The world is becoming increasingly interconnected and more employers are looking for candidates with global experience. Now, college students are getting in on the action by gaining work experience in overseas internships.
Cheryl Miyake, a junior at Stanford majoring in sociology, got an internship in Beijing last summer working for a local company that offers music and English immersion classes to children.
Stephen Keil, a sophomore majoring in international relations and minoring in French at Syracuse University, worked full time last summer to save for his fall internship with the Council of Europe in Strasbourg, France.
What is the Significance?
The total number of American students traveling abroad for internships and receiving academic credit was at 20,000 in 2009-10, up from 7,000 in academic year 2000-01, according to the Open Doors 2011 report issued by the Institute of International Education (IIE), a New York-based nonprofit.
“I think if a student is interested in pursuing any sort of career outside of the U.S., it’s a great idea to immerse yourself in the environment,” said Lauren Berger in an interview with The New York Times. Berger is author of “All Work, No Pay” and chief executive of Internqueen.com, an online internship site.
China is a favored destination for overseas internships, according to Bloomberg Businessweek. Recruiters like Dan Black from Ernst & Young pay close attention to students who have work experience in Asia, especially China.

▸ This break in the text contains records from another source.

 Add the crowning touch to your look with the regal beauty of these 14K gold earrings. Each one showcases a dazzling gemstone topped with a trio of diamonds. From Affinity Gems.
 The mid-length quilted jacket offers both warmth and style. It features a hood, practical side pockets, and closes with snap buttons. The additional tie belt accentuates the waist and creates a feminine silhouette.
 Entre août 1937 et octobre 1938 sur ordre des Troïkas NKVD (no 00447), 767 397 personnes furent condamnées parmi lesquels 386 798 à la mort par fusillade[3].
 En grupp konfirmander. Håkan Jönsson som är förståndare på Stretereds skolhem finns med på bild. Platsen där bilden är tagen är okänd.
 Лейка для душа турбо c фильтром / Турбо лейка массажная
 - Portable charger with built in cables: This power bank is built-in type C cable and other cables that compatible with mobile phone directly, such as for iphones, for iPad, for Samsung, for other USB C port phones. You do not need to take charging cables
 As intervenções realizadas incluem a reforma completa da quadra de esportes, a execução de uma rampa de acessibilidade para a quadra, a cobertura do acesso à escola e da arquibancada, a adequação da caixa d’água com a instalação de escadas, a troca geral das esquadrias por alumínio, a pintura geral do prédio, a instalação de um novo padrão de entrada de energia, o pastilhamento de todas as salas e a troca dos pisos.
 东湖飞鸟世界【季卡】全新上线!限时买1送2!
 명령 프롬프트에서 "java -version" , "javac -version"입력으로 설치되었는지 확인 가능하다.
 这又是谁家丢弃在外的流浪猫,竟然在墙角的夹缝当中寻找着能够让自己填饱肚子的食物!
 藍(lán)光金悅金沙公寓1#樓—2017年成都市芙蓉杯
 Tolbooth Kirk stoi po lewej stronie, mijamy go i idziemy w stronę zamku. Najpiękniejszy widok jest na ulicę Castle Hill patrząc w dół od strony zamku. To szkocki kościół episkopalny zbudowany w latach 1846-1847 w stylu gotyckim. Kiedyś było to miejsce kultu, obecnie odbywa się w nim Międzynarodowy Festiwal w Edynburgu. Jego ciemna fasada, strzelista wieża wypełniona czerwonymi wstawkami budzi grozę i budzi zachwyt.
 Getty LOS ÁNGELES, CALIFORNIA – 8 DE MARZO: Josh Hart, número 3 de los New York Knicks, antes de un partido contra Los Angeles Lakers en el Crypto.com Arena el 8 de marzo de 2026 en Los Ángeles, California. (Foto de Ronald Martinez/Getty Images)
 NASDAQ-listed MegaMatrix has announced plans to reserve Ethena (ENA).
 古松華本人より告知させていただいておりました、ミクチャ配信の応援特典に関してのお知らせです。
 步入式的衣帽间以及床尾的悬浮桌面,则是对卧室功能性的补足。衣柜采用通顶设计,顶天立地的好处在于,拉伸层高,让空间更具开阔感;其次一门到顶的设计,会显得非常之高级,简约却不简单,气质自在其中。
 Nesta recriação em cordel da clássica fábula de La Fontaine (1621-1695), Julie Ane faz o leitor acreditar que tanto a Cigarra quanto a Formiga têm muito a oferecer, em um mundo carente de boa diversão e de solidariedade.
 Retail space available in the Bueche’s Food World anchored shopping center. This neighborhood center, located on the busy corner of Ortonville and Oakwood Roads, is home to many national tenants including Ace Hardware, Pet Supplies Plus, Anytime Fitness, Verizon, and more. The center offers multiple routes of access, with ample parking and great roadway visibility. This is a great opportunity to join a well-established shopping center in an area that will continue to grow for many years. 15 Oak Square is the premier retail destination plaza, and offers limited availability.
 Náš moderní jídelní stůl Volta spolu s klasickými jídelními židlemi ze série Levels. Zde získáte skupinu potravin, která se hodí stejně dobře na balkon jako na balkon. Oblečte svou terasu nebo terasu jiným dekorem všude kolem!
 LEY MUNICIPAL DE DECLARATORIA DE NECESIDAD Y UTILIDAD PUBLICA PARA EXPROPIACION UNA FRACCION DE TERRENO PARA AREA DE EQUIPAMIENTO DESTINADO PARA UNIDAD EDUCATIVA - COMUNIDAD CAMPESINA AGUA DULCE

“We’d put a very high value on that because of the growth we’re seeing there and because of the investment we’re making in China,” he said. “If you have both the language skills and the experience—boy, that is a lot of value for a company like ours.”
Getting set up with an internship overseas doesn't come cheap. Miyake enlisted the help of Intrax Internships Abroad, a company that arranges internships for a fee that ranges from $5,600 to $7,900 for an eight week program. Prices are based on location, insurance, housing and work visa fees.